In situ calibration of the deflection detection

The plates, with the adherent cell in between, were simultaneously displaced horizontally and the detector signal was recorded. Hence, we could determine the multiplying factor between flexible-plate deflection and detector response. The detection sensitivity ranged from 1 to 4 mV for 100 nm, leading to a typical error of 200 nm on the flexible plate tip position. Thus, for a characteristic plate deflection of 10 μm, the relative error on the constant applied force was ∼2%.

RESULTS AND DISCUSSION

Experimental parameter definitions

A C2-7 cell stretched under constant force is visualized on Fig. 3. The position of the flexible (thin) plate tip was held constant to ensure fixed plate deflection, and thus constant applied force. To do this, a controller shifted the rigid (thick) plate leading to increasing cell stretching. The strain ɛ(t) was defined as (L(t)−L₀)/L₀, where L₀ and L(t) were respectively the cell length perpendicular to the microplates (i.e., the distance between the plates) just before the experiment began, and after t seconds (Fig. 4).

FIGURE 3.

A C2-7 cell stretched under constant force. The servo controller gradually shifts the rigid (thick) microplate to compensate for cell deformation, and thus maintains a fixed deflection of the flexible (thin) plate tip. Pictures correspond to t = 0 s and t = 30 s.

FIGURE 4.

Apparent contact diameters (D_flexible, D_rigid) and cell-length L perpendicular to the microplates.

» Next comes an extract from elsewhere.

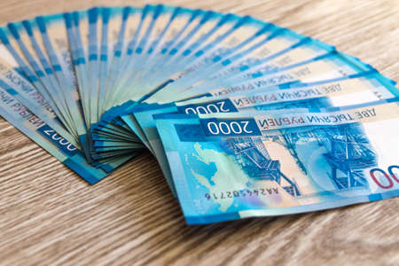 Background from Russian money, frame from many banknotes rubles, denomination 2000, copy space. Concept cash, salary, loan, wealth, credit, finance, business, deposit, insurance. Top view, flat lay.

The applied stress σ₀ was given by the constant applied force F₀ divided by the contact area A₀ between the cell and each microplate. As we could not directly measure this area, we supposed it to be a disk of diameter D, where D was the apparent contact line between the cell and each of the glass plates on video-microscopy pictures (Fig. 4). Thus A₀ was simply given by πD²/4. However, D was usually not exactly the same for the flexible (D = D_flexible) and the rigid (D = D_rigid) plate, leading to two stress values σ_flexible = 4F₀/π(D_flexible)² and σ_rigid = 4F₀/π(D_rigid)². In the data analysis below, we have reported the average value of the applied stress σ₀ = (σ_flexible+σ_rigid)/2.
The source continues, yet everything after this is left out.